**Requirement**
Required from the data below: the exact lines starting at the line containing "如圖所示,兩電子沿MN方向從" and ending at the line containing "Fototapeta premium Crystal", with both ends kept and all pictures dropped.

**Data excerpt**
────

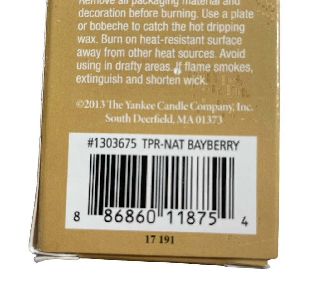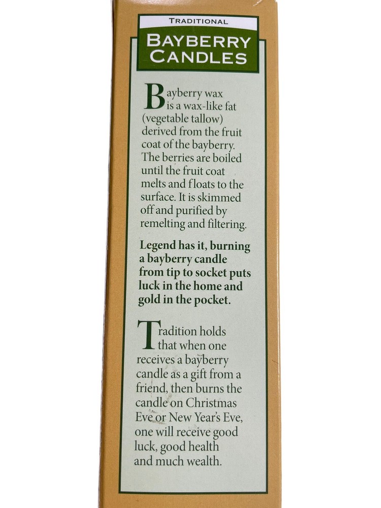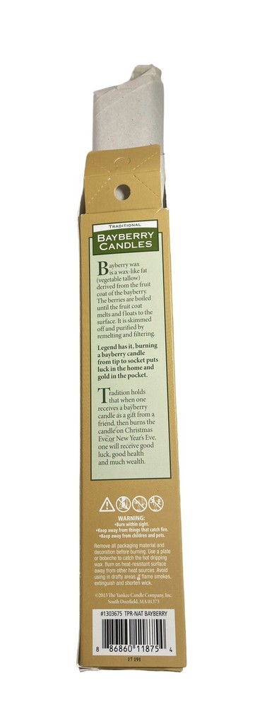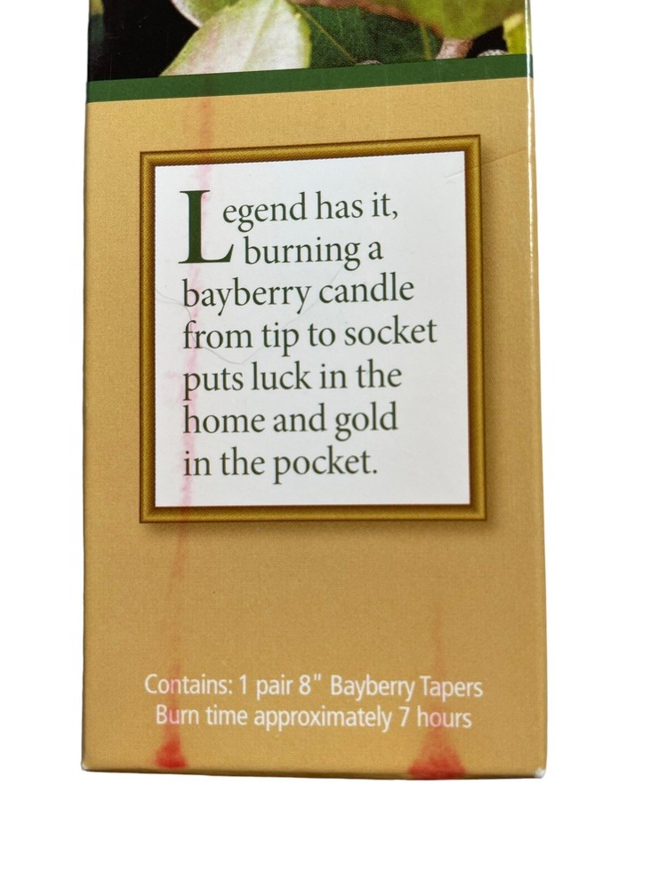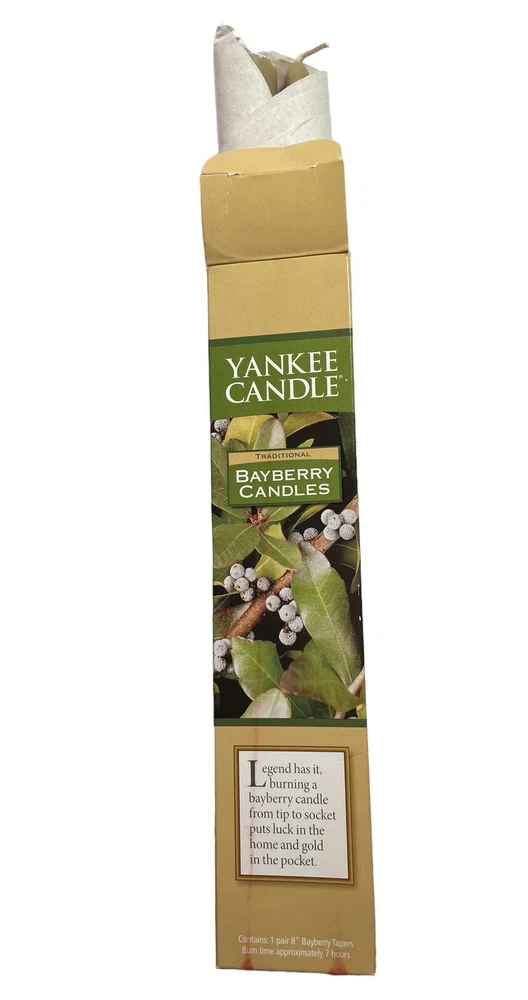 Add a touch of elegance to your home with this set of two Yankee Candle Pure Bayberry 8" Taper Candles. Their traditional style and green color make them perfect for any occasion, especially Christmas and New Years. The bayberry scent will fill your home with a welcoming aroma that lasts more about 7 hours. Use them to decorate your entryway, foyer, kitchen, bedroom, living room, lounge, or dining room. These candles come in an open box and are in like-new condition. The outer box has a red stain, see photos. Old stock 2013
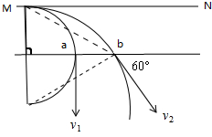 如圖所示,兩電子沿MN方向從M點射入兩平行平面間的勻強磁場中,它們分別以v1、v2的速率射出磁場,則v1∶v2和通過勻強磁場所用時間之比t1∶t2分別為:
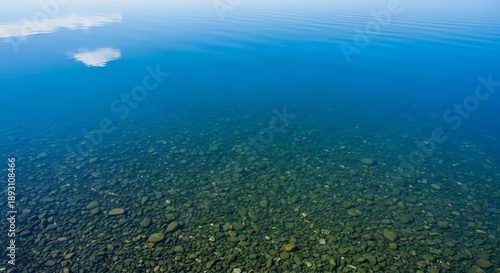 Fototapeta premium Crystal clear blue water reveals smooth pebbles on the lakebed under a bright...
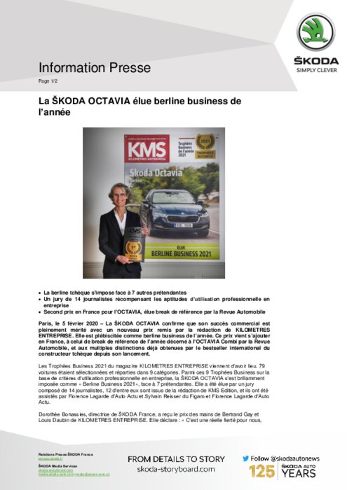 La ŠKODA OCTAVIA confirme que son succès commercial est pleinement mérité avec un nouveau prix remis par la rédaction de KILOMETRES ENTREPRISE. Elle est plébiscitée comme berline business de l’année. Ce prix vient s’ajouter en France, à celui de break de référence de l’année décerné à l’OCTAVIA Combi par la Revue Automobile, et aux multiples distinctions déjà obtenues par le bestseller international du constructeur tchèque depuis son lancement.

────

**Result of this task**
 如圖所示,兩電子沿MN方向從M點射入兩平行平面間的勻強磁場中,它們分別以v1、v2的速率射出磁場,則v1∶v2和通過勻強磁場所用時間之比t1∶t2分別為:
 Fototapeta premium Crystal clear blue water reveals smooth pebbles on the lakebed under a bright...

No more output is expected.